To understand what is really going on, I’m going to talk about the role of saturated fat and cholesterol in the body and why it’s so important for the health and healing of the nervous system and the brain. So let’s talk about the true functions first, and then we’ll discuss the concerns directly.

Every cell in the body needs cholesterol to function. Every cell wall is made of cholesterol and a wonderful mix of fatty acids. Our cells cannot be healthy and they cannot be in integrity with cholesterol. Additionaly, every nerve in our body is covered with a sheath of myelin which protects the nerves and gives it that good strong health and this myelin sheath is also made of fatty acids- a large part of which is cholesterol! And so physiologically speaking for our nerves to be healthy, we need a lot of cholesterol and fatty acids in our bodies. If we have damage in these areas to repair, we need a lot of that raw material to repair our nerves and tissues. Our brain contains a huge amount of cholesterol as well. About 25% of our brain is made of cholesterol. So if you are having issues with your brain function or nervous system, anything from neuropathy, to dysautonomia, to dementia, to depression, to learning issues, brain fog, to anxiety, to anger and irritability, to difficulty focusing- the list could go on and on.
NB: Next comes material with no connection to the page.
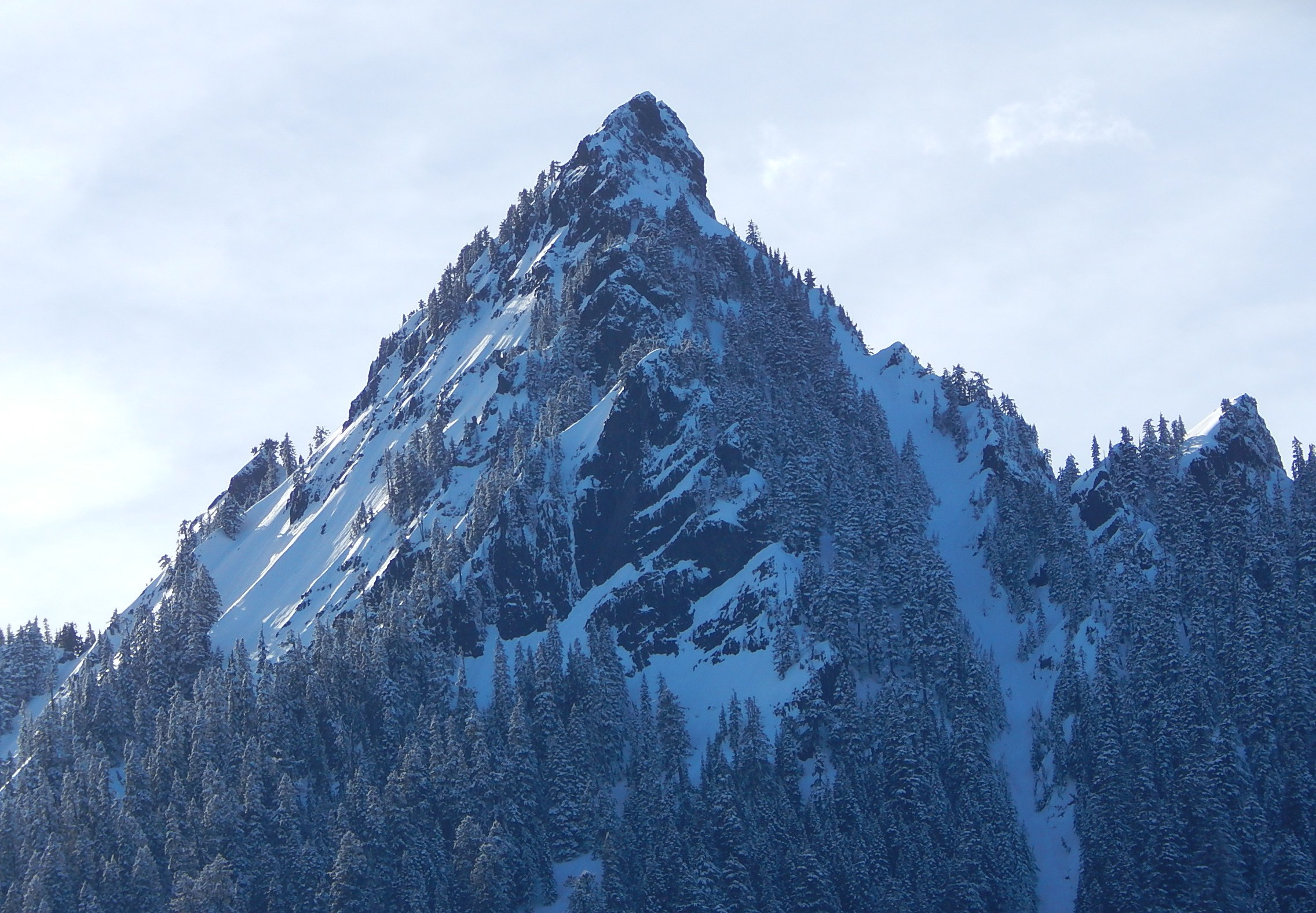 McClellan Butte seen from Interstate 90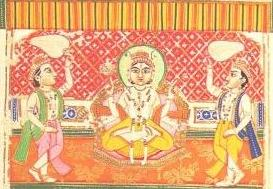 Vishnu as the incarnation Buddha

The immune system also uses cholesterol as a reparative substance in the body. That’s right- cholesterol is actually a healing substance! It is actually what carts away toxins as they move around in the blood, and it puts down new material to damaged repair tissues in the body. That’s where this idea of good and bad cholesterol came from. It’s seen as good when cholesterol is doing one half of that job but not the other. But really, both sides are essential to healing and detoxifying and repairing. We need both the cholesterol that carts away and we need the cholesterol that brings new reparative tissue in. So that good and bad cholesterol idea goes away just by understanding this fully.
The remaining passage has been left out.